Опускаю окно и осторожно бужу ребят.
— Смотрите, море. Ну вот оно, смотрите!
Юля испуганно открывает глаза, с минуту молча глядит в окно, а потом кладет голову на подушку и закрывает веки. Она еще спит, но уже увидела море и сейчас проснется. Берусь за Андрея. Тот, как всегда, отбивается и тянет простыню на голову. Наконец и он открывает глаза. Сердито смотрит.
— Ну и что, море, море…
— Да ты погляди.
— Море как море. Чего глядеть.
— Как что? Ты же первый раз видишь море?
— Я уже видел…
— Где?
— Не знаю, но видел… Я спать хочу…
— Да ты что, Андрей? Разве можно спать?
— Можно… Я спать хочу, а море — это когда много воды, а напиться нельзя.
Я повернулся к дочери. Она все в той же позе — щека на подушке, глаза удивленно раскрыты, на лице тихая улыбка.
— Поднимайтесь! А теперь глядите сюда.
И я распахнул дверь купе.
— Посмотрю еще на море… — чуть слышно прошептала Юля. — Оно не такое…
— Почему не такое?
— Не такое… другое.
— Не такое. Не выдумывай, — прервал ее Андрей. — Обычное море… — Он глянул в открытую дверь и замер, пораженный. Сразу забыл, что разыгрывал всезнающего. На стену сплошной зелени смотрит теми же глазами, что и Юля на море.
«Ага! — тепло колыхнулось у меня в груди. — Зацепило и тебя, зазнайку!».
Поезд шел медленно, словно те, от которых это зависело, знали, что сейчас из его окон сотни глаз любуются дымчатой голубизной вечного моря и столь же вечной изумрудной зеленью гор. Здесь были древние греки, римляне, а до них и после них эти воды бороздили парусники других народов и государств. Эти горы за прошумевшие над нами тысячелетия видели столько, что можно написать тома, но в жизни гор тысячи лет всего лишь миг, потому что их возраст исчисляется миллионами.
— Вы знаете, ребята, что именно к этим берегам на своих кораблях ходили аргонавты за золотым руном?
— Они ходили южнее, — невозмутимо заметил Андрей. — Колхида была примерно на территории нынешней Абхазии.
— А что такое руно? — спросила Юля.
— Руно — это овечья шерсть, — начал объяснять я. — А золотой ее называли потому, что она была высокого качества и, может быть, даже золотистого цвета.
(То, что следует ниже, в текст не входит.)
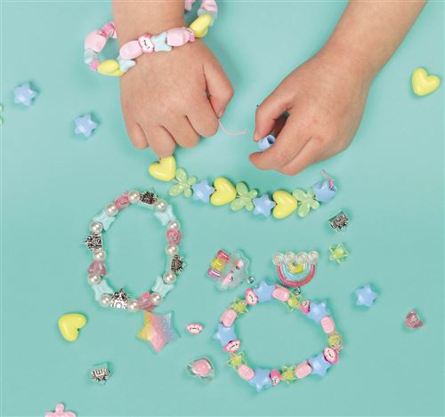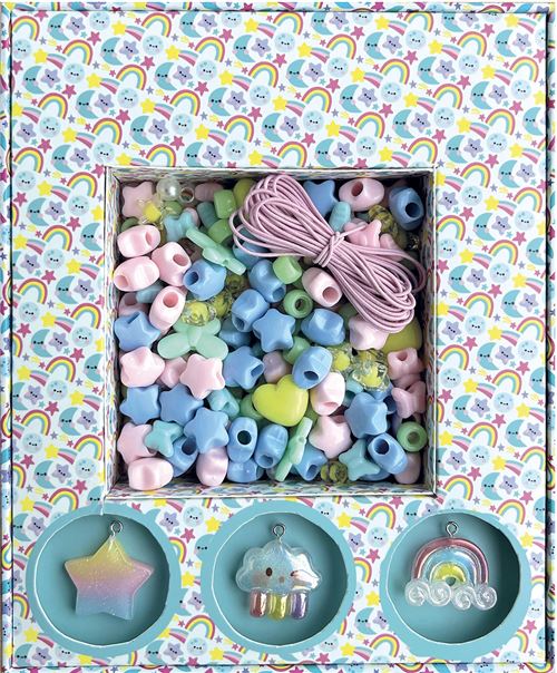 Dès 3 ans, l’enfant trouvera dans ce coffret un assortiment de 230 perles de couleurs et de formes différentes, ainsi que des breloques fantaisie whaouh!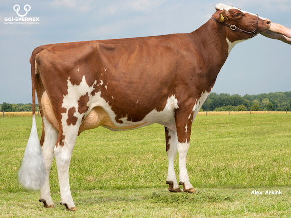 Sanderij GINGER domineert al 5 draaien lang de Duitse roodbont lijst. Ook in de Nederlandse interbull lijst is hij de aanvoerder. Ginger (Gywer x Salvatore) steeg nogmaals voor productie: + 2.990 kg met -0,48% vet en -0,19% eiwit brengen hem op +601 Inet. Zijn dochters zijn grotendeels 2e kalfs en imponeren met topproducties. Ginger fokt rijzige vaarzen met beste uiers en prima gezondheid.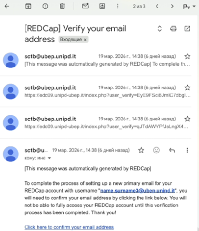 Description: You receive more than one REDCap confirmation email.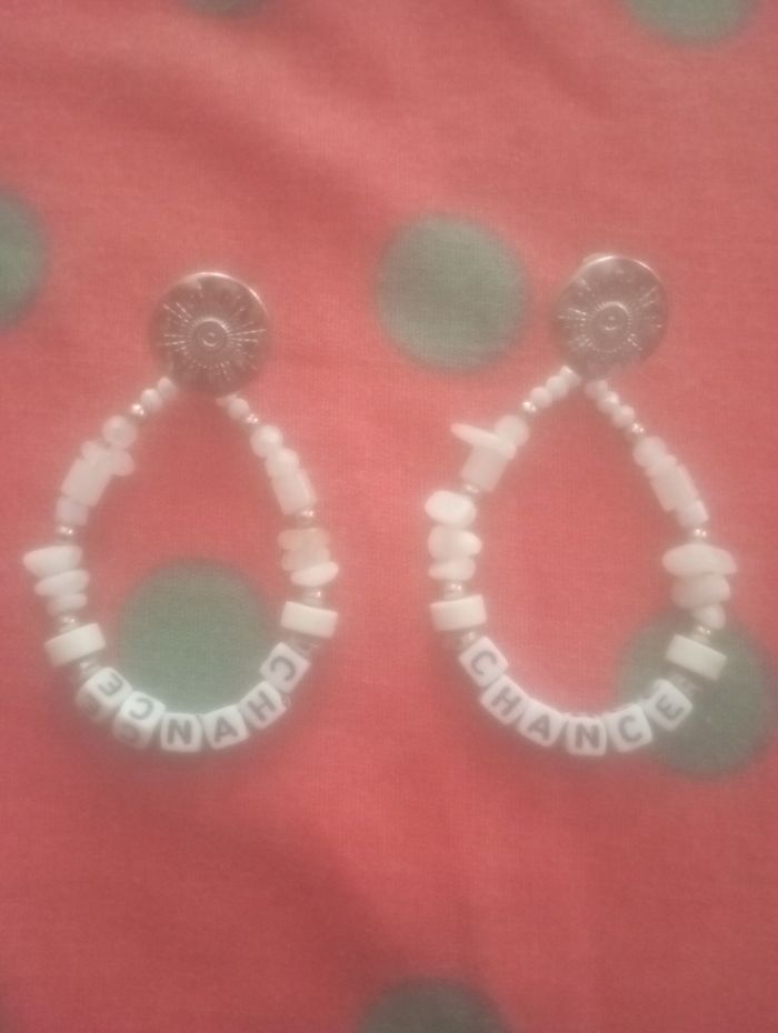 Boucle d'oreille pendante très légère avec écris chance neuve
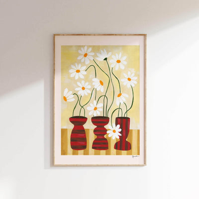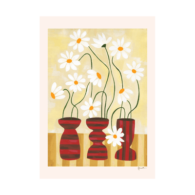 Mini vases with flowers are so much better than one big vase! I love the coloration of this one—the red and yellow together always work so well in any space. This piece was painted on handmade cotton paper using gouache and acrylic. It has been photographed at the highest resolution, preserving all the paint strokes and textures.
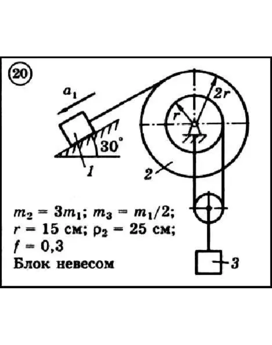 Для приведенной на схеме механической системы, используя уравнения Лагранжа второго рода, определить указанное на схеме угловое ускорение или линейное ускорение. Нити невесомы и нерастяжимы. Принятые обозначения: m - массы тел, R и r - радиусы, ρ - радиус инерции (если он не указан, тело считать однородным цилиндром); при наличии трения указываются: f - коэффициент трения скольжения, fk - коэффициент трения качения.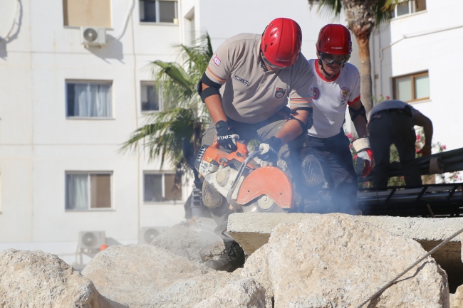 Konuşmaların ardından Sivil Savunma Gazimağusa Bölge Müdürü Kamil Ağcabay'ın anlatımı eşliğinde tatbikat gerçekleştirildi.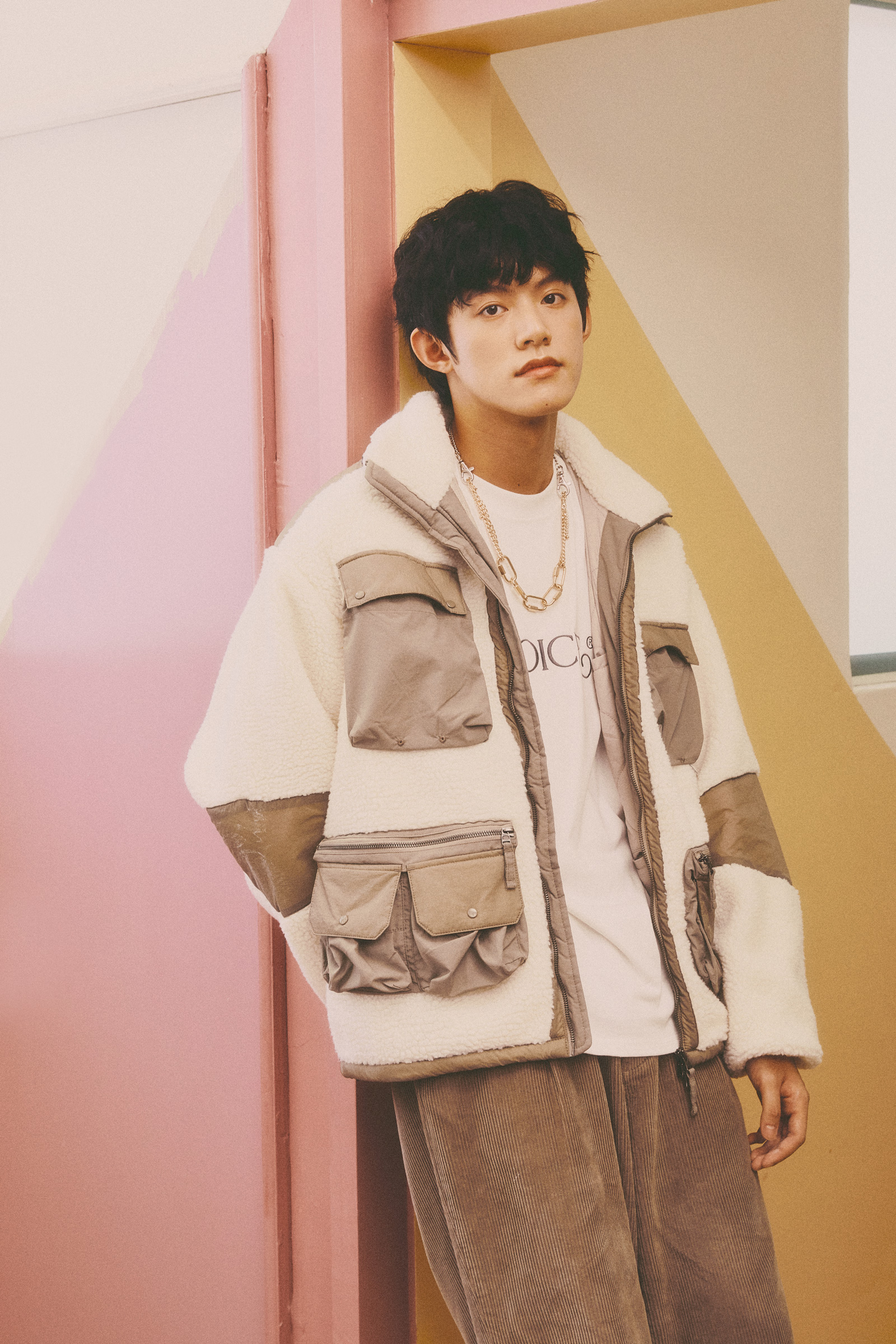 杰恩這套選用NOICE羊羔毛立領外套,機能布料與仿羊羔毛,搭配多口袋設計,讓秋冬穿搭兼具時尚與機能。

А вообще это легенда. Очень красивая легенда. Ты узнаешь о ней в школе.
— И совсем это не легенда, — возразил Андрей. — И аргонавты ходили в Колхиду не за шерстью, а за золотом. Я читал недавно в журнале. Один ученый, кажется из Грузии, установил это. В древней Колхиде была река, а на берегах ее много золота. И промывали это золото тогда таким способом. Песок сыпали на шкуру барана и промывали ее водой, а в шерсти застревали крупинки золота, поэтому ее и называли золотым руном.
— Вы смотрите, ребята, красота какая! — показал я на море, когда из-за гор на его сонную зыбь брызнули лучи солнца. — Посмотрите, какая красота!
Андрей как можно равнодушнее глянул в окно и сделал нарочито кислую гримасу.
Леший его знает, откуда это у них?! Откуда этот скепсис? Может, я слишком опекаю своих детей? Наглухо отгородил их от житейских забот о хлебе насущном, и они не знают истинной цены человеческого труда, подлинной меры чувств, не улавливают всех запахов жизни? Мысли о сегодняшних мальчишках, отцовские тревоги опять возвращают меня к дням юности.
Не знаю, смогут ли испытать мои дети радость, какую пережил я в их годы? Она в моей памяти осталась как особое, ни с чем не сравнимое чувство. Я не хочу этим сказать, что позже не было большей радости или чувства сильнее. Было. А вот такой звонкой, светлой, беззаботной и, как летнее утро, чистой не было. Видно, правду говорят, каждому времени — свои песни.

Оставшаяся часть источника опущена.